WORK INSTRUCTIONS: Without the pictures, copy all of the data exactly.

SUPPLIED ENTRIES:
=====

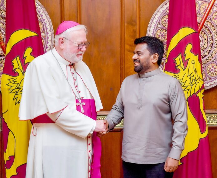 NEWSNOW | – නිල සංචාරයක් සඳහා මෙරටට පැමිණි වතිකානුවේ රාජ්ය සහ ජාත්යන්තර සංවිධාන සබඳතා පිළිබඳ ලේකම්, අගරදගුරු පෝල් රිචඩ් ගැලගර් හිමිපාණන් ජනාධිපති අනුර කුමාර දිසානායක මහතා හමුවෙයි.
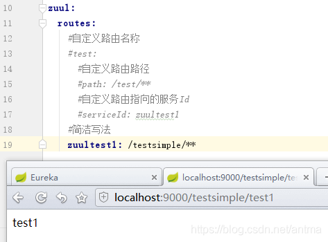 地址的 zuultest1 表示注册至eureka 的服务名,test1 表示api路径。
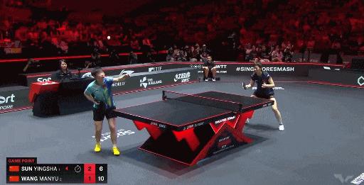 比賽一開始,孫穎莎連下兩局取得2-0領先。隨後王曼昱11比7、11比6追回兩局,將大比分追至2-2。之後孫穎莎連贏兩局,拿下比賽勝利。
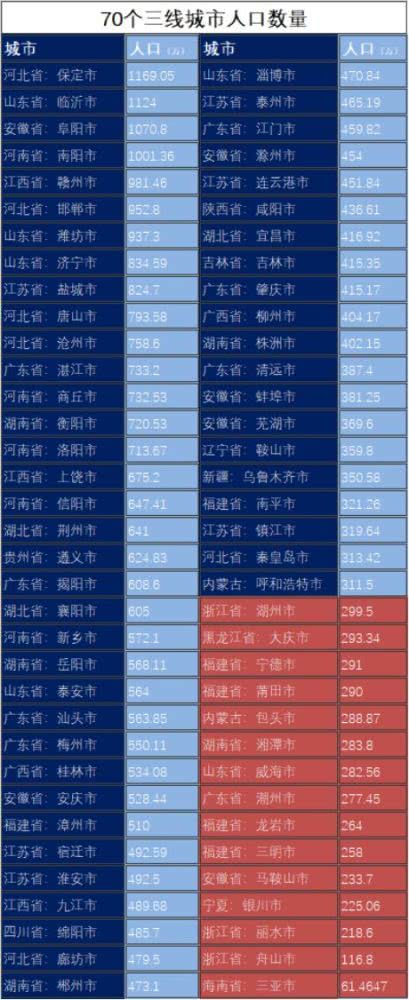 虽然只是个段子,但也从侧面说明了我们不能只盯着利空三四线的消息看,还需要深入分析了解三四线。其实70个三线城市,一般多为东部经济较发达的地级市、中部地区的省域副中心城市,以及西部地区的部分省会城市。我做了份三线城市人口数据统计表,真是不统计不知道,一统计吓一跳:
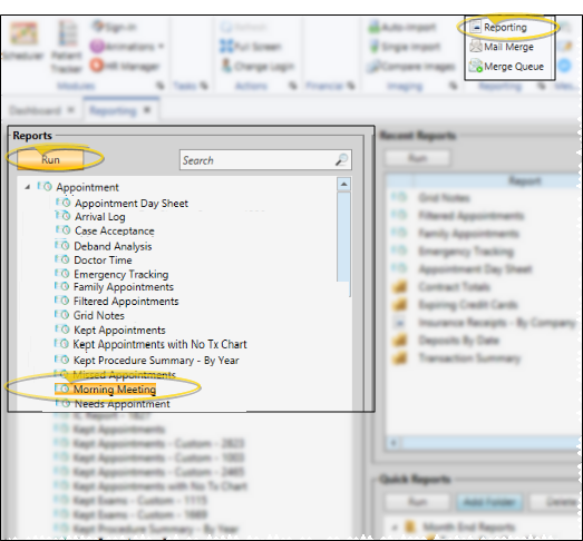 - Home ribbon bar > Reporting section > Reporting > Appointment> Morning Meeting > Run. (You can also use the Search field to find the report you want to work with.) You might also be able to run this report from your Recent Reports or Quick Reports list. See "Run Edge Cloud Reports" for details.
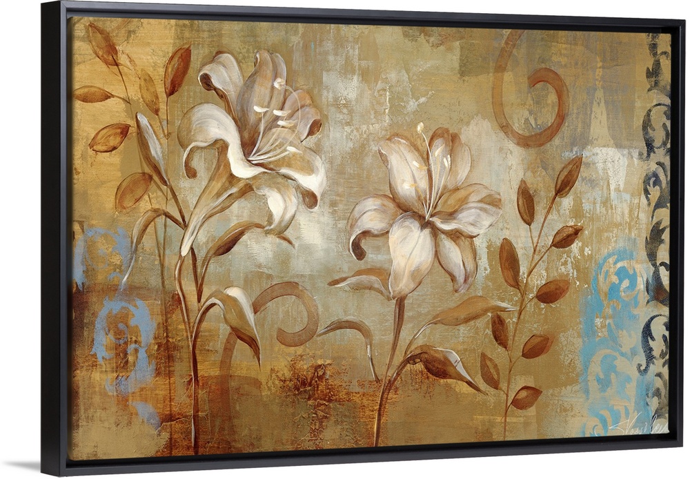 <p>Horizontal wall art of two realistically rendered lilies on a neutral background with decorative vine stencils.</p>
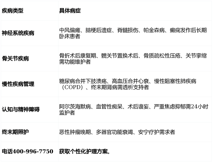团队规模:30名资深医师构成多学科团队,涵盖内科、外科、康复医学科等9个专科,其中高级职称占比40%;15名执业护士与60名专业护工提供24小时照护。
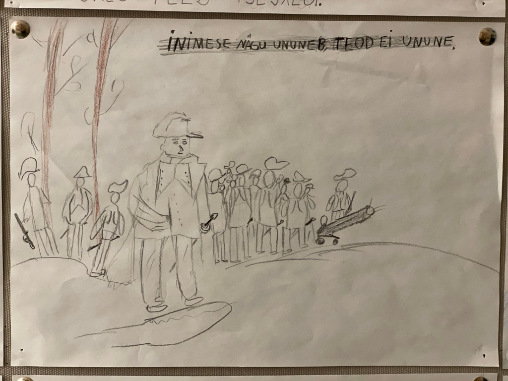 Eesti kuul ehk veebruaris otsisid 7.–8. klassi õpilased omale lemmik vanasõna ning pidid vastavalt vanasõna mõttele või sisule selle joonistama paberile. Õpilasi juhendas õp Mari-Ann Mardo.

=====

SOLUTION TO THIS PROBLEM:
 NEWSNOW | – නිල සංචාරයක් සඳහා මෙරටට පැමිණි වතිකානුවේ රාජ්ය සහ ජාත්යන්තර සංවිධාන සබඳතා පිළිබඳ ලේකම්, අගරදගුරු පෝල් රිචඩ් ගැලගර් හිමිපාණන් ජනාධිපති අනුර කුමාර දිසානායක මහතා හමුවෙයි.
 地址的 zuultest1 表示注册至eureka 的服务名,test1 表示api路径。
 比賽一開始,孫穎莎連下兩局取得2-0領先。隨後王曼昱11比7、11比6追回兩局,將大比分追至2-2。之後孫穎莎連贏兩局,拿下比賽勝利。
 虽然只是个段子,但也从侧面说明了我们不能只盯着利空三四线的消息看,还需要深入分析了解三四线。其实70个三线城市,一般多为东部经济较发达的地级市、中部地区的省域副中心城市,以及西部地区的部分省会城市。我做了份三线城市人口数据统计表,真是不统计不知道,一统计吓一跳:
 - Home ribbon bar > Reporting section > Reporting > Appointment> Morning Meeting > Run. (You can also use the Search field to find the report you want to work with.) You might also be able to run this report from your Recent Reports or Quick Reports list. See "Run Edge Cloud Reports" for details.
 <p>Horizontal wall art of two realistically rendered lilies on a neutral background with decorative vine stencils.</p>
团队规模:30名资深医师构成多学科团队,涵盖内科、外科、康复医学科等9个专科,其中高级职称占比40%;15名执业护士与60名专业护工提供24小时照护。
 Eesti kuul ehk veebruaris otsisid 7.–8. klassi õpilased omale lemmik vanasõna ning pidid vastavalt vanasõna mõttele või sisule selle joonistama paberile. Õpilasi juhendas õp Mari-Ann Mardo.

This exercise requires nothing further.